In the case of Hailey Bieber’s brownie-gate, Latina women set the trend of wearing clear lip gloss over brown lip liner, and Black and brown people have worn the look since the late 1980s. Commenters scolded Bieber’s lapse of cultural awareness, writing “You meant 90s Latin inspired lip combo,” and, “You mean the lip combo Latinas have been using since forever????”

For generations, people of color have crafted makeup styles like these as innovative workarounds to contend with the systemic lack of makeup products available in stores across the country. So-called “nude” lipsticks rarely accommodated darker skin tones and existed as various shades of pink for white and lighter skin tones. Black and brown people resorted to using products that came in dark enough shades of brown, like eyeliners and eyebrow pencils, for looks like the renamed “brownie glazed lips.”

It wasn’t until the launch of Rihanna’s Fenty Beuty makeup brand in 2017 that people of color received the products they deserved, with 40 all-inclusive shades of foundation that accounted for brown skin tones and varying undertones. The release marked a turning point for major makeup brands, which neglected people of color for years while selling ashy foundation shades in the place of brown shades that remained excluded from their first batch of launches altogether.

While these trends have generated viral content for celebrities like Bieber, they fueled years of discrimination against Black and brown people who first created the looks before they became the next TikTok craze or celebrity venture. Refinery 29’s series on powerful Latina aesthetics notes that Black and Brown women were often criticized for the dark lipstick makeup looks, their big hoops, tight fit and baggy fashion styles.

“Our styles are often read in the U.S. as tacky, over the top and deviant, even as they are simultaneously spectacularized, desired and appropriated,” author Jillian Hernandez wrote in the Refinery 29 series.

“When it was on my sisters or my mom, and in Black and Latino communities, it was seen as ghetto,” celebrity makeup artist Sir John said in an interview with Diet Prada about the “brownie glazed” look.

When I was younger, kids my age and especially the adults in my life discouraged me from wearing the cornrows and dark brown lipstick styles I gravitated towards and saw my older sisters wear. The only reason I learned the term “ghetto” was because kids would joke that big gold hoops made me so. They told me not to wear the baggy, skater-looking pants and basketball jerseys I’d seen my dad rock in pictures from the 1990s. Since then, I have gotten over the phase of letting people tell me what to wear, dictate what made me “ghetto” and style my curly hair whichever way I please.

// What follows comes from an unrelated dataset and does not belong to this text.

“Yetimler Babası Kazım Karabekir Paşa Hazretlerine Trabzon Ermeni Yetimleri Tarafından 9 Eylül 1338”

But after watching all of these trends undergo celebrity rebrandings on TikTok and recirculate as popular Pinterest searches without a picture of a Black or Brown person in sight, I’ve come to realize the jewelry, hairstyles and makeup were never ghetto to begin with. It was who was wearing them that elicited this hurtful, unacceptable response.

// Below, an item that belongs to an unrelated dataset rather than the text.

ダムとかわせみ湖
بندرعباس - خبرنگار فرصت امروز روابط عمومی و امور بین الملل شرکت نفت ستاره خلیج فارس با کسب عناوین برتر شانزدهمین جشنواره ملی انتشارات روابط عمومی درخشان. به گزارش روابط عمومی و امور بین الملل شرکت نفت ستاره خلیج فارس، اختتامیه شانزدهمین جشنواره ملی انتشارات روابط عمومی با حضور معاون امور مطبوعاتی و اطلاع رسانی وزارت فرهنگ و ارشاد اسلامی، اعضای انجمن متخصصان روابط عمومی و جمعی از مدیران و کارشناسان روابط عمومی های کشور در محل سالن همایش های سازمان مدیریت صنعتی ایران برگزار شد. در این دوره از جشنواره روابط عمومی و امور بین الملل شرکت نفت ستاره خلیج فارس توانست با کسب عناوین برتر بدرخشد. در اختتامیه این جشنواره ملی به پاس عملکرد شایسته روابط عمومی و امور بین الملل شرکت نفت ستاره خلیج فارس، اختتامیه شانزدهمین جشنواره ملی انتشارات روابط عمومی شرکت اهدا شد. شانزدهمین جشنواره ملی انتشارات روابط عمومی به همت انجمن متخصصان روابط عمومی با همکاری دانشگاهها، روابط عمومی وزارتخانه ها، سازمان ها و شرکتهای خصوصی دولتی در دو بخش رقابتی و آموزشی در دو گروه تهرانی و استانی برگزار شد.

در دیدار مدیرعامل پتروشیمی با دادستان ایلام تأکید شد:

Whether people intentionally rebrand these trends or not, it contributes to a culture of erasure and neglects the important realities of discrimintation and stereotyping that exist, which causes the community to constantly have to reclaim what shouldn’t have been renamed and left out in the first place. The fortunate thing about the world of fashion and beauty is that it’s built on a community of artists and designers that we can draw from and create with. But participation is contingent upon proper attribution, especially if you draw inspiration from other creators, as is with any other artistic industry. We can successfully celebrate historical styles without omitting their designers and the communities of color who had more than just a fashionable reason for creating them, and we can partake in these trends without cutting out the people behind them.

Abrigail Williams, a senior majoring in journalism, is the community relations director.